For more information, see Access control with IAM.

Access Google Cloud resources

Your BigQuery Engine for Apache Flink jobs can access Google Cloud resources, either in the same Google Cloud project or in other projects. These resources might include the following:

To ensure that your BigQuery Engine for Apache Flink jobs can access these resources, you need to use the resources' respective access control mechanisms to explicitly authorize access for your Managed Flink Default Workload Identity.

BigQuery Engine for Apache Flink also uses firewall rules to allow or deny traffic to and from the resources that your jobs use. You need to configure firewall rules so that your job can access your resources. For more information, see Firewall rules.

If you use Assured Workloads features with BigQuery Engine for Apache Flink, such as EU Regions and Support with Sovereignty Controls, all Cloud Storage, BigQuery, Pub/Sub, I/O connectors, and other resources that your job accesses must be located in your organization's Assured Workloads project or folder.

Access Managed Service for Apache Kafka

Managed Service for Apache Kafka uses two levels of access control:

  • IAM roles from Google Cloud: These roles control who can manage your Managed Service for Apache Kafka cluster using Google Cloud APIs and tools. You manage these roles through the Google Cloud console or the IAM API. For more information, see the IAM documentation.

  • Apache Kafka ACLs from open source Apache Kafka: These ACLs control access to Managed Service for Apache Kafka topics and operations within your cluster, enforced at the Apache Kafka API level. You manage them using the Apache Kafka authorization CLI.

If you're using Google Cloud to manage your cluster, IAM roles are the primary mechanism for controlling access. You can restrict access to individual resources by using Apache Kafka ACLs in addition to IAM permissions. For more information, see Access control with IAM and Apache Kafka ACLs.

Access BigQuery datasets

You can access BigQuery datasets, either in the same project where you're using BigQuery Engine for Apache Flink or in a different project. For the BigQuery source and sink to operate properly, the Managed Flink Default Workload Identity must have access to any BigQuery datasets that your BigQuery Engine for Apache Flink job reads from or writes to.

You might need to configure BigQuery to explicitly grant access to this account. See BigQuery Access Control for more information about granting access to BigQuery datasets using either the BigQuery page or the BigQuery API.

Among the required BigQuery permissions, the bigquery.datasets.get IAM permission is required by the job to access a BigQuery dataset. Typically, most BigQuery IAM roles include the bigquery.datasets.get permission, but the roles/bigquery.jobUser role is an exception.

Access Cloud Storage buckets

To grant your BigQuery Engine for Apache Flink job access to a Cloud Storage bucket, make the bucket accessible to the Managed Flink Default Workload Identity.

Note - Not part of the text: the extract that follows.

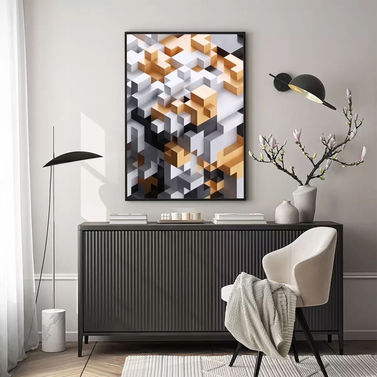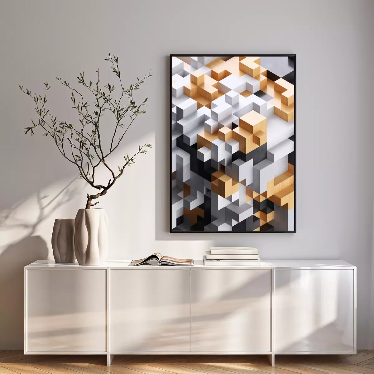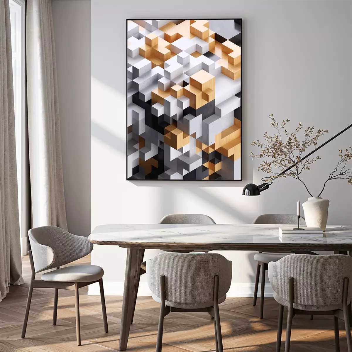 Poster  3d rendering, abstract cube background, voxel mosaic, geometric shapes, modern construction materials, wood and stone texture

At a minimum, this account needs to have read and write permissions to both the bucket and its contents. You can use IAM permissions for Cloud Storage to grant the required access.

If you use the gcloud CLI to upload a local file, such as a JAR file or a SQL file, to Cloud Storage, the user account running the job needs the storage.objects.create permission to write to the Cloud Storage bucket.

IAM controls permissioning throughout Google Cloud and lets you grant permissions at the bucket and project levels. For a list of IAM roles that are associated with Cloud Storage and the permissions that are contained in each role, see IAM roles for Cloud Storage. If you need more control over permissions, create a custom role.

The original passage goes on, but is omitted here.